Re: [PATCH 1/2] sched_ext: Fix ops.dequeue() semantics

From: Tejun Heo

Date: Sat Feb 14 2026 - 12:56:21 EST

Hello, Andrea.

On Sat, Feb 14, 2026 at 11:16:34AM +0100, Andrea Righi wrote:
> I ran more tests and I don't think we can simply rely on p->scx.sticky_cpu.
>
> In particular, I don't see how to handle this scenario using only
> p->scx.sticky_cpu: a task starts an internal migration, a sched_change
> occurs, and ops.dequeue() gets skipped because p->scx.sticky_cpu >= 0.

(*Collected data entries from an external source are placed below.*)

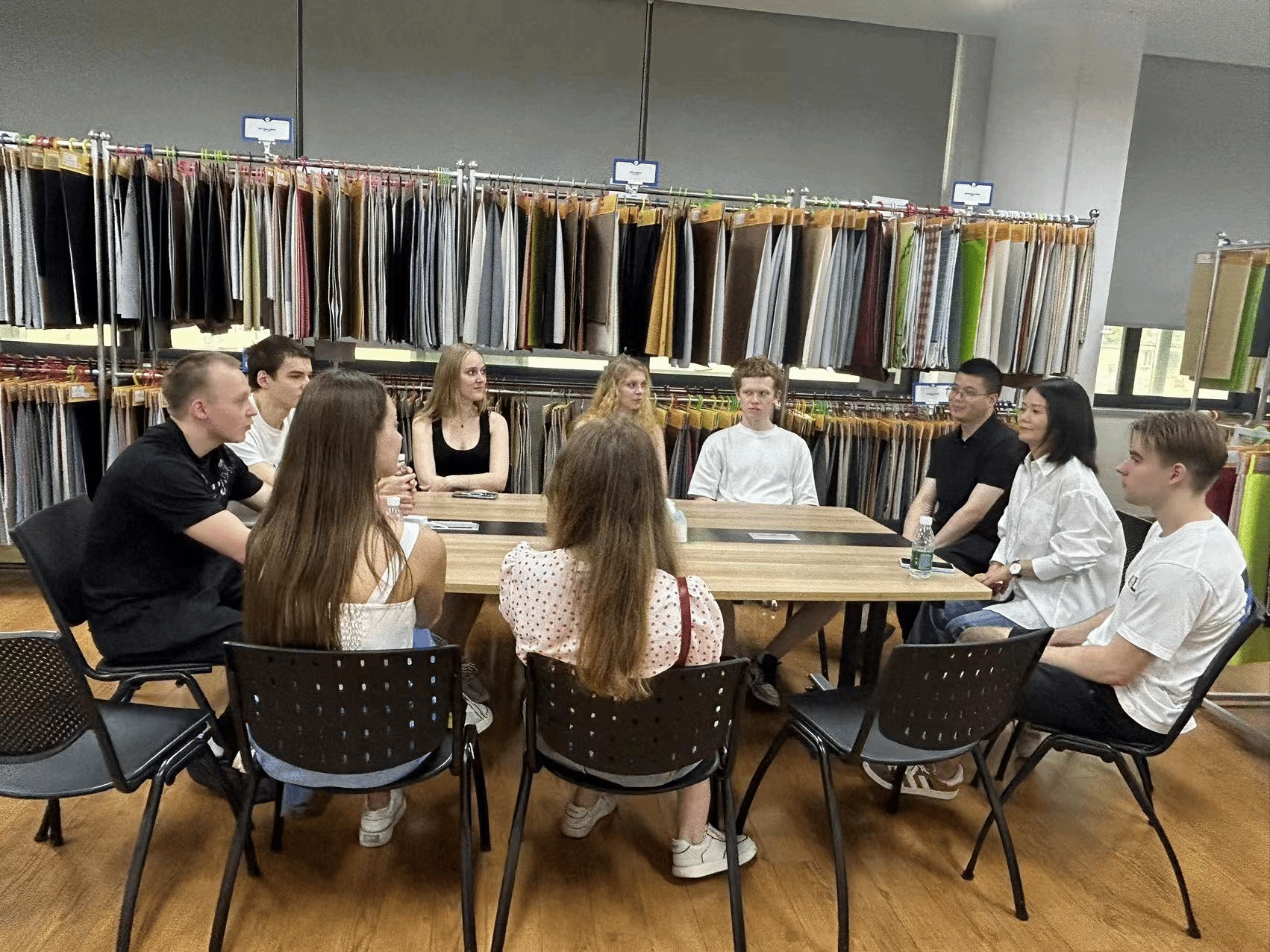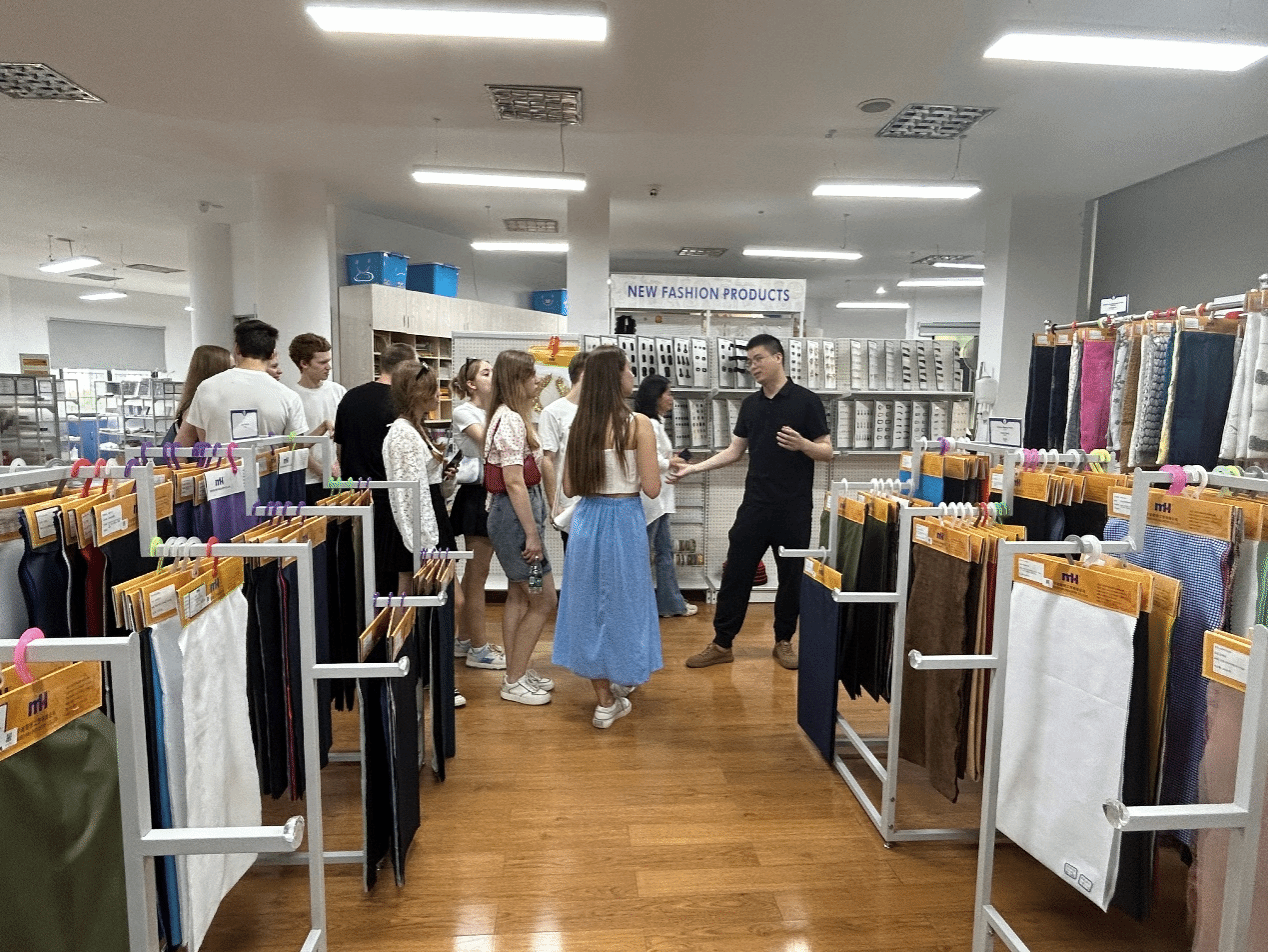 接着,集团工作人员带领师生们前往公司的样品间,详细介绍了公司的主营产品。同学们亲身体验了各种服装辅料、刺绣花边、线类、带类、钮扣类和拉链类产品,深入了解了公司核心产品的优势和特点。
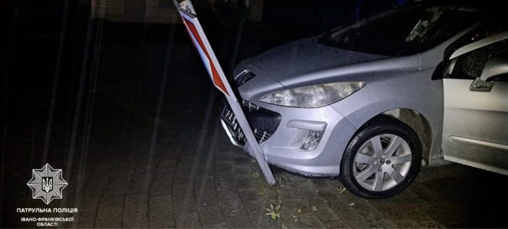 ДТП на кільці у Франківську: нетверезий водій на Peugeot протаранив дорожній знак
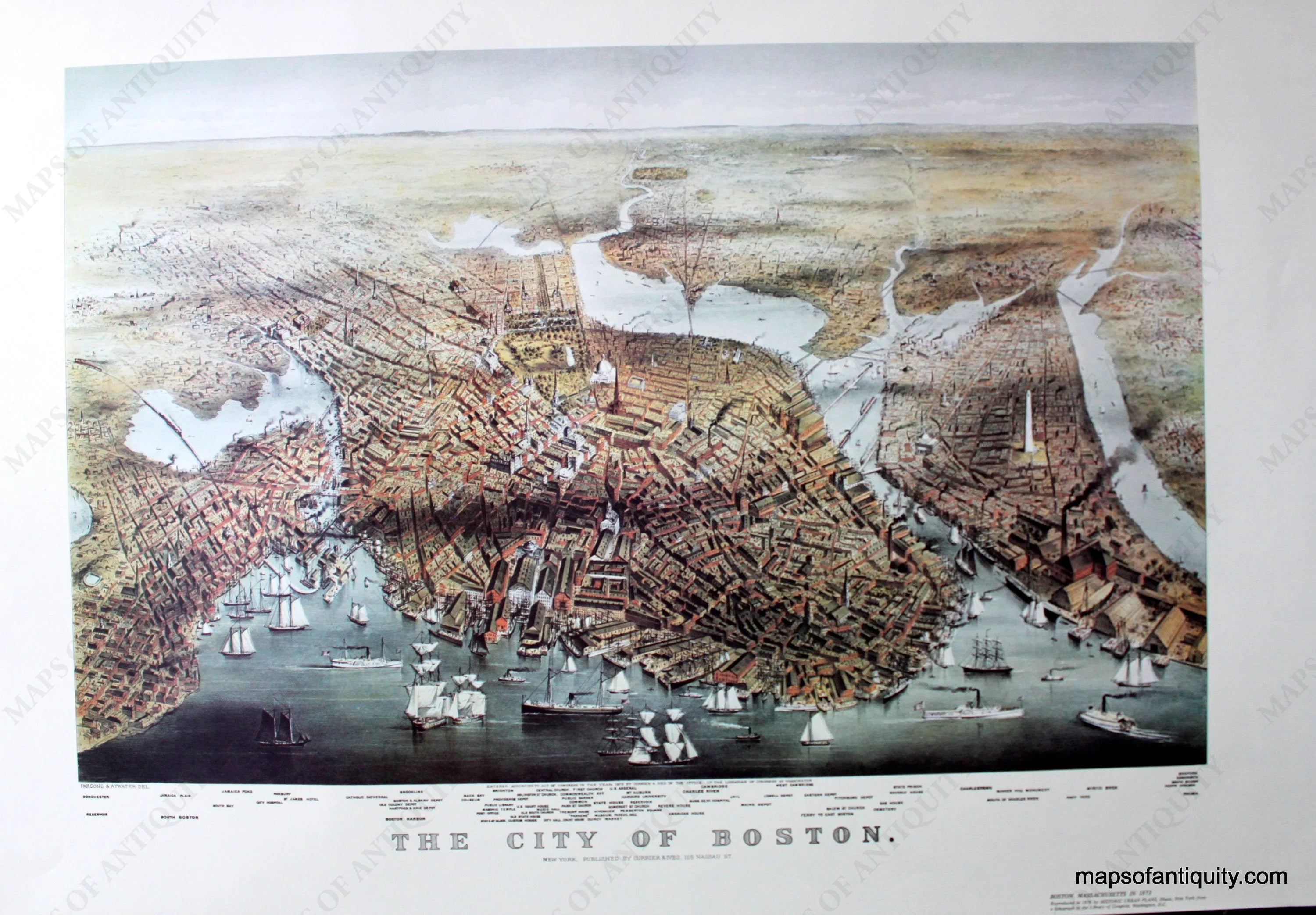 Reproduction print of 1873 Currier & Ives Colored Bird’s Eye View of Boston on lightweight paper, 20 x 30. Measured to the edges of the printed area. Paper may be larger but can be trimmed as needed. Smaller size available.
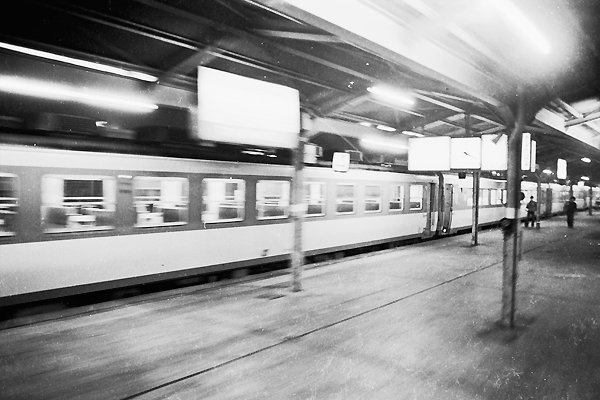 右側半分位んとこに3面6線の頭端式ホームがございました。そしていきなりの夜景と なりましたが、それは当時四国でも夜行列車のスジがあって、そいつに乗るんで夜の 夜の高松駅にいたからなんです。キハ58系が4本停まっている夜の高松駅、その内 真ん中2本の右が0:58発603D急行うわじま2号宇和島行き、左っ側がアッシの乗った 0:19発733D普通夜行列車中村行きでございます。普通列車って言ったって、733Dは
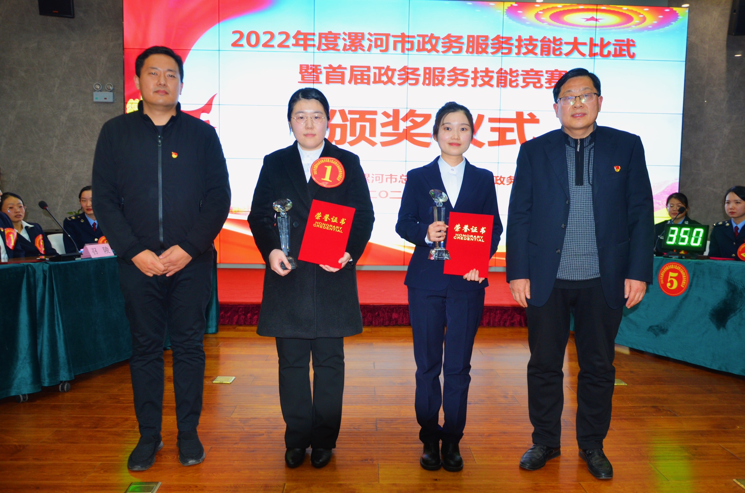 比賽中,各參賽代表隊(duì)奮勇?tīng)?zhēng)先、激烈角逐;各參賽隊(duì)員在賽場(chǎng)上互相配合,充分發(fā)揮出團(tuán)隊(duì)的作用。最終,舞陽(yáng)縣行政服務(wù)中心代表隊(duì)獲得團(tuán)體一等獎(jiǎng),張小麗同志獲得個(gè)人一等獎(jiǎng);召陵區(qū)行政服務(wù)中心、市政務(wù)服務(wù)中心人社公安稅務(wù)聯(lián)合隊(duì)2個(gè)代表隊(duì)獲得團(tuán)體二等獎(jiǎng),孟希瑞、黃丹2名同志獲得個(gè)人二等獎(jiǎng);郾城區(qū)行政服務(wù)中心、臨潁縣行政服務(wù)中心、經(jīng)濟(jì)技術(shù)開(kāi)發(fā)區(qū)行政服務(wù)中心、3個(gè)代表隊(duì)獲得團(tuán)體三等獎(jiǎng),劉玉、劉暢、范亞男3名同志獲得個(gè)人三等獎(jiǎng);舞陽(yáng)縣行政服務(wù)中心、經(jīng)濟(jì)技術(shù)開(kāi)發(fā)區(qū)行政服務(wù)中心、市政務(wù)服務(wù)中心不動(dòng)產(chǎn)登記窗口3個(gè)代表隊(duì)獲得優(yōu)秀組織獎(jiǎng),本次總決賽還設(shè)置了團(tuán)體優(yōu)秀獎(jiǎng)和個(gè)人優(yōu)秀獎(jiǎng)若干。評(píng)委會(huì)成員為獲得獎(jiǎng)項(xiàng)的代表隊(duì)和參賽隊(duì)員頒獎(jiǎng)。
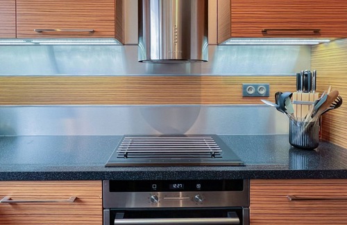 The kitchen is fully equipped with a refrigerator, microwave, oven, induction hob, dishwasher, crockery, cutlery, kitchen utensils, coffee machine, toaster, kettle, fondue set, and citrus press.
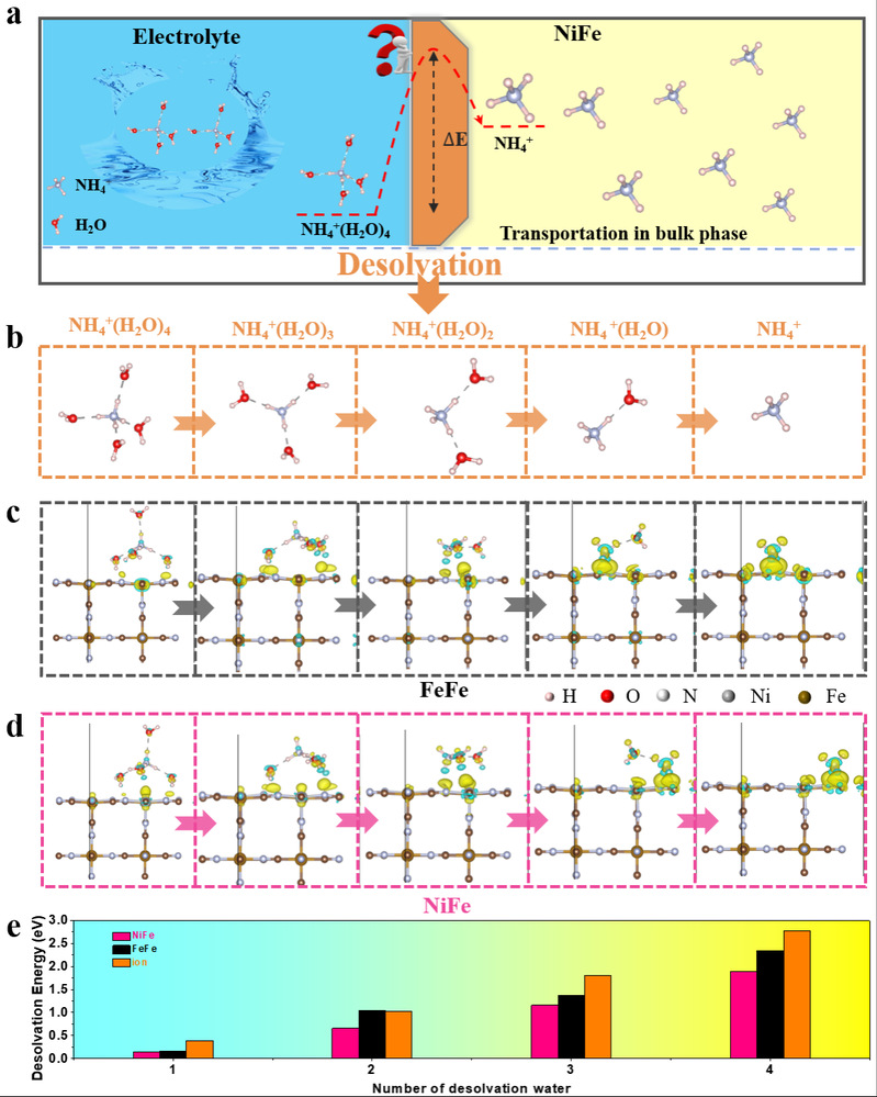 水系铵离子电池(AAIB)是一种以非金属离子(NH4+)为载体的新型储能装置,具有成本低、安全性高、可长期使用等显著优点,但缺乏合适的正极材料。电极-电解液界面的传输动力学(例如,脱溶剂过程)在随后的宿主结构内可逆的NH4+嵌入/脱出过程中起关键作用,但很少被研究。因此,深入研究和理解与NH4+储存机制密切相关的电极-电解液界面的电化学行为,对于设计用于高性能AAIB的长循环稳定正极材料是至关重要的。通过理论模拟首次揭示了调控非对称性双金属位点可以降低NH4+(H2O)4在电极-电解液界面的脱溶能垒,使其脱溶剂化为NH4+进入正极材料。电化学研究结果表明非对称性双金属NiFe位点的引入改善了FeFe-PBA的扩散动力学和结构稳定性。结合原位表征和理论计算表明,NH4+的嵌入/脱出主要归因于NH4+与NiFe-PBA中N原子可逆的相互作用机制。该工作为调控水系储能正极材料的界面脱溶动力学提供了新思路。
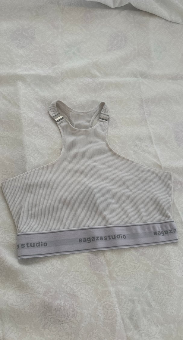 Sagaza Madrid markasına ait gri renkte, kısa kesim ve fitilli dokulu, elastik bantlı streetwear bralet.
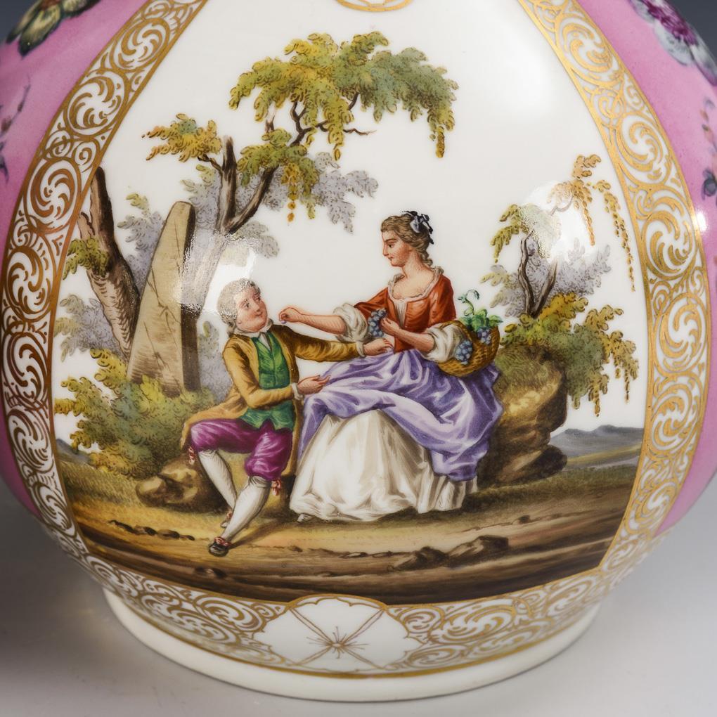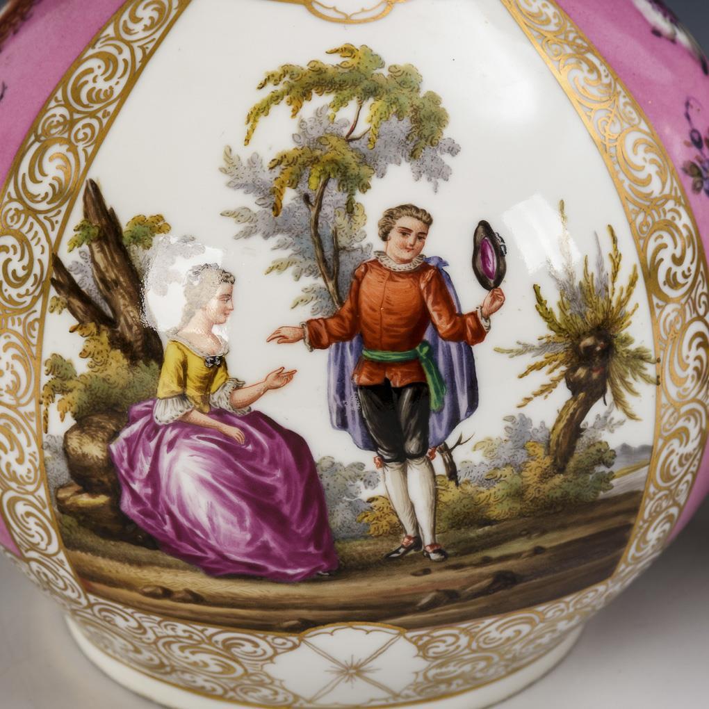 Kugelkorpus mit Enghals. Auf der Wandung alternierend angeordnete rosa Fondfelder mit Blumenbukett und Felder mit einer galanten Szene. Minimaler Goldabrieb.

Oh, that shouldn't happen, so move_remote_task_to_local_dsq() does the
following:

deactivate_task(src_rq, p, 0);
set_task_cpu(p, cpu_of(dst_rq));
p->scx.sticky_cpu = cpu_of(dst_rq);

raw_spin_rq_unlock(src_rq);
raw_spin_rq_lock(dst_rq);
...
activate_task(dst_rq, p, 0);

It *looks* like something get can get while the locks are switched; however,
the above deactivate_task() does WRITE_ONCE(p->on_rq, TASK_ON_RQ_MIGRATING)
and task_rq_lock() does the following:

for (;;) {
raw_spin_lock_irqsave(&p->pi_lock, rf->flags);
rq = task_rq(p);
raw_spin_rq_lock(rq);
/*
* move_queued_task() task_rq_lock()
*
* ACQUIRE (rq->lock)
* [S] ->on_rq = MIGRATING [L] rq = task_rq()
* WMB (__set_task_cpu()) ACQUIRE (rq->lock);
* [S] ->cpu = new_cpu [L] task_rq()
* [L] ->on_rq
* RELEASE (rq->lock)
*
* If we observe the old CPU in task_rq_lock(), the acquire of
* the old rq->lock will fully serialize against the stores.
*
* If we observe the new CPU in task_rq_lock(), the address
* dependency headed by '[L] rq = task_rq()' and the acquire
* will pair with the WMB to ensure we then also see migrating.
*/
if (likely(rq == task_rq(p) && !task_on_rq_migrating(p))) {
rq_pin_lock(rq, rf);
return rq;
}
raw_spin_rq_unlock(rq);
raw_spin_unlock_irqrestore(&p->pi_lock, rf->flags);

while (unlikely(task_on_rq_migrating(p)))
cpu_relax();
}

ie. TASK_ON_RQ_MIGRATING works like a separate lock that protects the task
while it's switching the RQs, so any operations that use task_rq_lock()
which includes any property changes can't get inbetween.

Thanks.

--
tejun